O Via CTT é um serviço gratuito e de inscrição obrigatória para todos os contribuintes sujeitos passivos de IRC. Mas também o é para sujeitos passivos de IVA enquadrados no regime normal, isto é, que faturem mais de 10 mil euros por ano. Ou seja, trabalhadores independentes, que passam os recibos verdes.

Desde 2012, que a lei exige que qualquer particular, empresa ou associação que passe a cobrar IVA nos recibos verdes ou a pagar IRC se inscreva, no prazo de 30 dias após a abertura de atividade, no portal em causa e que comunique esse ato às Finanças. Caso contrário, estão previstas sanções.

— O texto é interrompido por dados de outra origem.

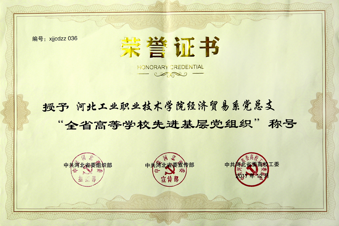 近期,省委组织部、省委宣传部和省委高校工委发布了《关于表彰全省高等学校党的建设工作先进集体、先进基层党组织、优秀共产党员和优秀党务工作者的决定》(冀高校工委[2017]10号),我院经济贸易系党总支被授予“全省高等学校先进基层党组织”荣誉称号。
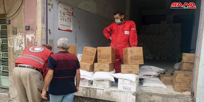 وزع فرع منظمة الهلال الأحمر العربي السوري بالحسكة مساعدات غذائية وإغاثية للوافدين إلى مدينة القامشلي من مدينتي رأس العين وعفرين بدعم من اللجنة الدولية للصليب الأحمر.
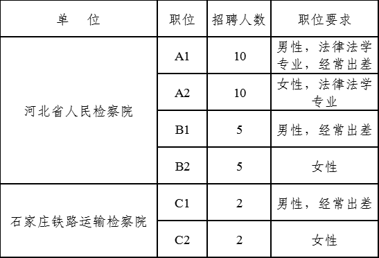 根據(jù)聘用制書記員職數(shù)核定情況,結(jié)合聘用制書記員隊伍梯次建設(shè)實際,河北省人民檢察院、石家莊鐵路運輸檢察院2023年度計劃招聘聘用制書記員34名,其中省院機關(guān)30名,石家莊鐵路運輸檢察院4名。具體職位如下:

Para os restantes contribuintes, a inscrição é opcional.

Não me inscrevi e fui notificado para pagar uma coima. Porquê só agora?

Desde 2012, que a inscrição no Via CTT é obrigatória nos casos referidos, estando prevista a aplicação de sanções aos contribuintes que não o façam. Ainda assim, nos últimos seis anos, nem foram os contribuintes informados dessa exigência, nem foi aplicada qualquer coima. Daí a surpresa de milhares de portugueses perante as notificações que estão agora a receber para efetuarem o pagamento de multas entre 50 e 250 euros por não terem aderido ao serviço.

De acordo com o secretário de Estado dos Assuntos Fiscais, a falha foi detetada “no âmbito de uma auditoria interna de rotina levada a cabo pelos serviços da Autoridade Tributária e Aduaneira”.

Fisco suspendeu processos. Tenho ou não de pagar a coima?

Depois de detetada a falha, a Autoridade Tributária mandou suspender “a tramitação de todos os processos de contraordenação”, o que significa que os contribuintes notificados, por enquanto, não precisam de pagar as multas em causa. De facto, segundo o Ministério das Finanças, “até que esteja concluída uma avaliação da situação e sejam emitidas novas orientações”, o processo está parado.

Recorde-se que, em declarações aos jornalistas, à margem da apresentação de medidas Simplex para o Tax Free, o secretário de Estado dos Assuntos Fiscais tinha já adiantado que “todos os contribuintes [podiam] pedir a dispensa do pagamento das coimas” e que cada um desses pedidos “seria depois avaliado individualmente”.

Em declarações à RTP 3, o presidente do Sindicato dos Trabalhadores dos Impostos garantiu, no entanto, que o “afastamento excecional” das multas não estava a ser aplicado de “forma igual em todo o país”, isto é, havia distritos onde pedir a dispensa do pagamento das coimas ainda não era possível, uma vez que “trabalhadores não tinham recebido instruções claras sobre como proceder”.

O “afastamento excecional” destas coimas só podia acontecer perante a apresentação, no prazo de dez dias a contar da notificação, de uma defesa por parte do contribuinte, na qual constassem os seguintes argumentos: a prática não provocou prejuízos à receita tributária, a inscrição na Via CTT foi entretanto regularizada e a houve um “diminuto grau de culpa” (ou seja, não sabia da obrigatoriedade da adesão ao portal).

Perante toda a confusão gerada à volta das coimas, bem como dos pedidos de suspensão destas, o Fisco acabou por vir comunicar que todas os processos de contraordenação instaurados contra os contribuintes foram suspensos.

Quem já pagou a multa pode pedir o reembolso?

Contactado pelo ECO, o Ministério das Finanças não esclareceu se os contribuintes que pagaram as coimas em causa podem pedir agora o reembolso desse valor.

Esta é, aliás, uma das exigências do Bloco de Esquerda. O partido quer que o Fisco devolva o dinheiro a todos os contribuintes que pagaram as coimas, porque, dizem os bloquistas, ninguém os avisou da obrigatoriedade da inscrição no Via CTT.

Em conversa com o ECO, o fiscalista João Espanha defende, contudo, que uma decisão do Governo a favor desse reembolso seria de caráter “muito extraordinário. “Não sei se seria legal”, nota, já que uma vez pago o valor voluntariamente, “não há nada a fazer, o assunto fica encerrado”.